O’Connor writes, “Most iMac buyers (and buyers of anything Apple in general) are more than satisfied with how things are right out of the box. The vast majority will never even think about after purchase options that Apple does support, such as installing additional memory. These are great systems right from the get-go… But pardon us or anyone who wants to make them even better. :)”

“Apple didn’t make any barrier with [respect to upgrading hard drives in] the 2010 (or 2009) models,” O’Connor writes, “the barrier to plug & play drive options in this case is a lack of industry drive standards on the extra drive pins. So, perhaps use of this additional line on the power connector (which is standard on all SATA drives) might be an industry standard in the future.”
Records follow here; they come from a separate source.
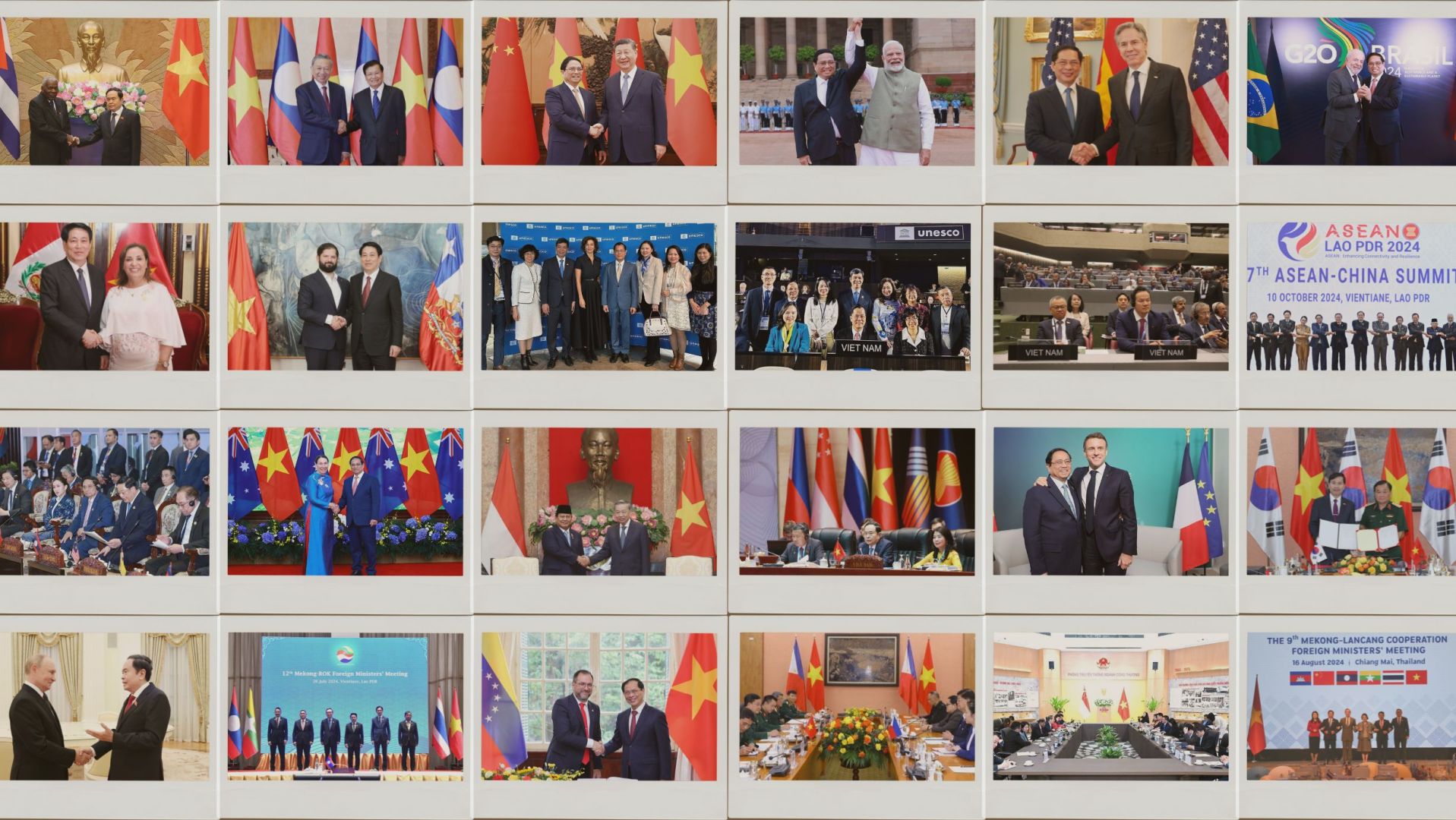 O ano de 2024 foi um ano de implementação de amplas atividades de relações exteriores no Vietnã com muitos sócios em vários fóruns e mecanismos multilaterais importantes, incluindo 60 eventos de los liederes, 21 de los cuales son visitas a los países e participação em conferências multilaterais e 25 recepções de delegações de líderes mundiais.
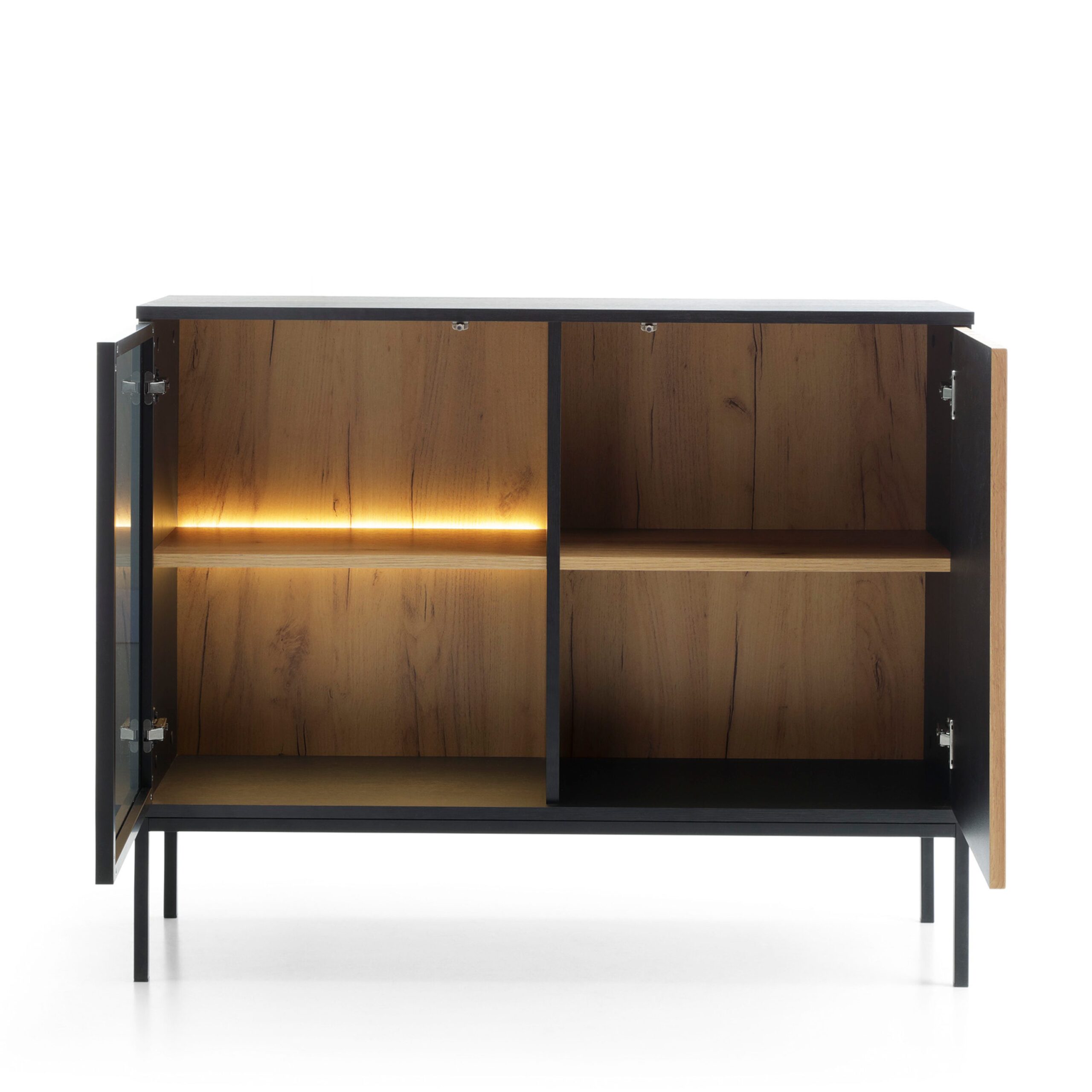 Laval K104 LED – three-door chest of drawers with lighting, black, wotan oak, width 104 cm, height 83 cm, depth 39 cm
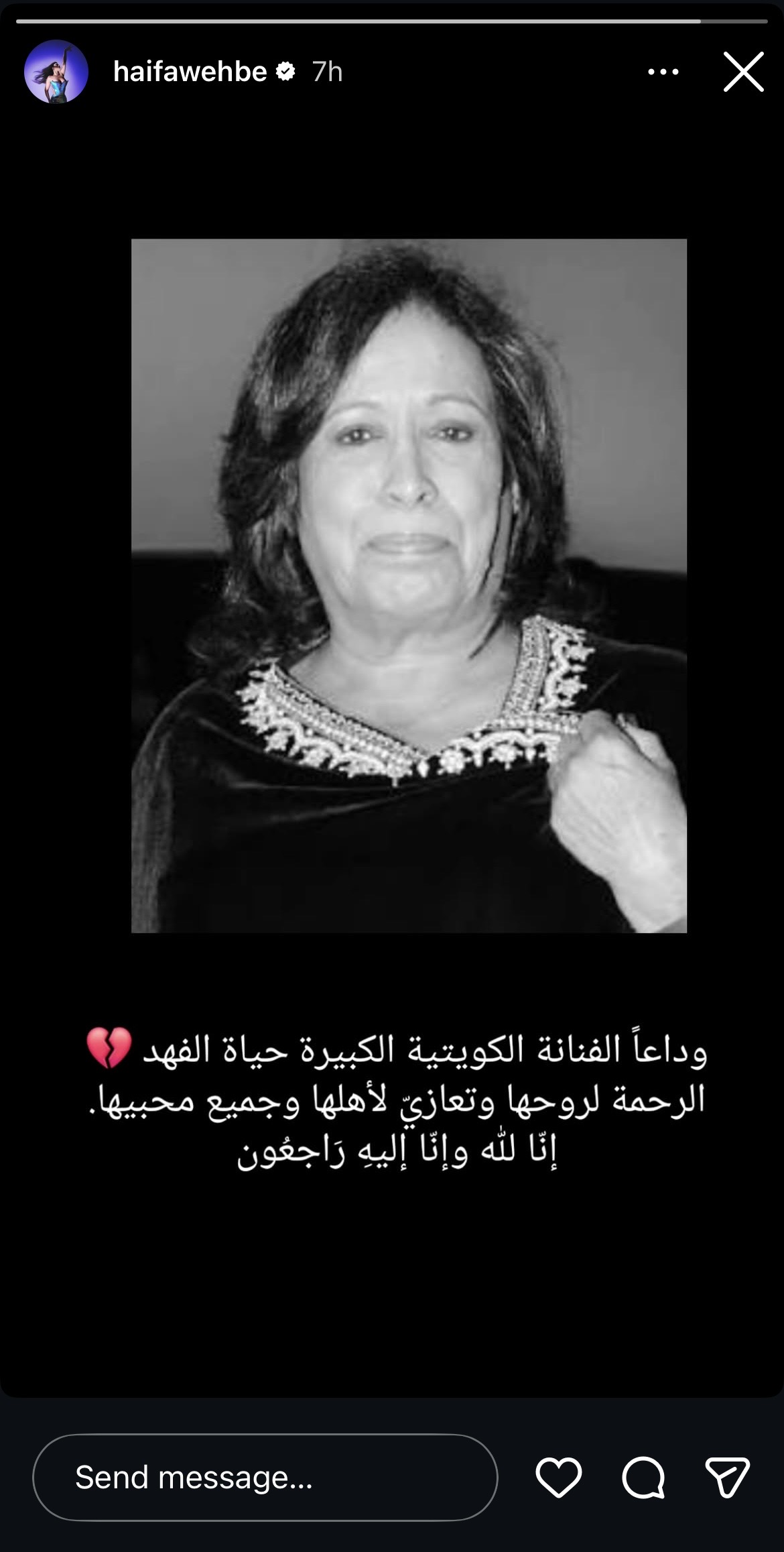 وكتبت هيفاء وهبي عبر ستوري انستجرام: “وداعًا الفنانة الكويتية الكبيرة حياة الفهد الرحمة لروحها وتعازي لأهلها وجميع مُحبيها”.
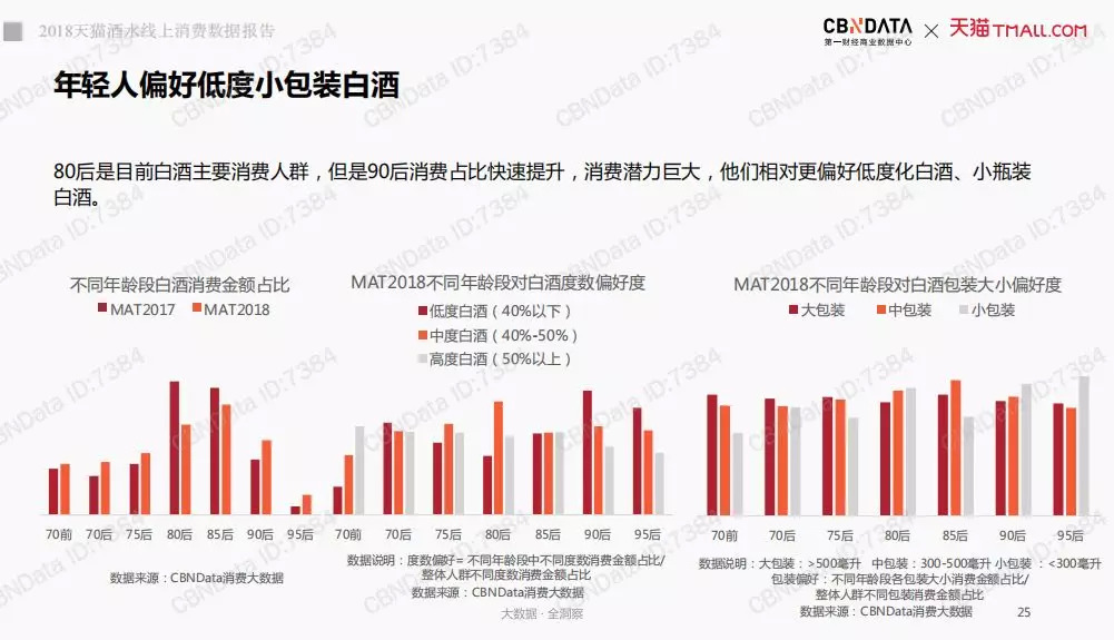 CBNData报告显示,酒水消费中,80后、90后消费群体占比近70%。这群人到底喜欢什么白酒?这份报告称,他们偏好低度、小包装白酒。

O’Connor writes, “And if so – then it’s only Apple today, with a firmware set that enables this feature, which just isn’t standard on retail drives yet. If so – it might not be as big a deal. There is still a question I’d like to know the answer to – why isn’t Apple simply using the S.M.A.R.T. reporting feature of today’s drives for the drive temperature information? That doesn’t require/use any extra pin out/line out and I am not aware of any disadvantage from utilizing this option. Maybe someone out there has insight on Apple not using the thermal data via S.M.A.R.T.?”

“The bottom line is that work around options are in play now, and with further testing, we should be able to be confident in one solution [or] another,” O’Connor writes. “Whatever the solution – the best solution, in my opinion, would be not needing to find a solution in the first place. Certainly it’s a very small percentage that are even going to want, or need, to replace drives in their iMac… Apple made that hard enough as it is… But for those few, it didn’t need to be this hard.”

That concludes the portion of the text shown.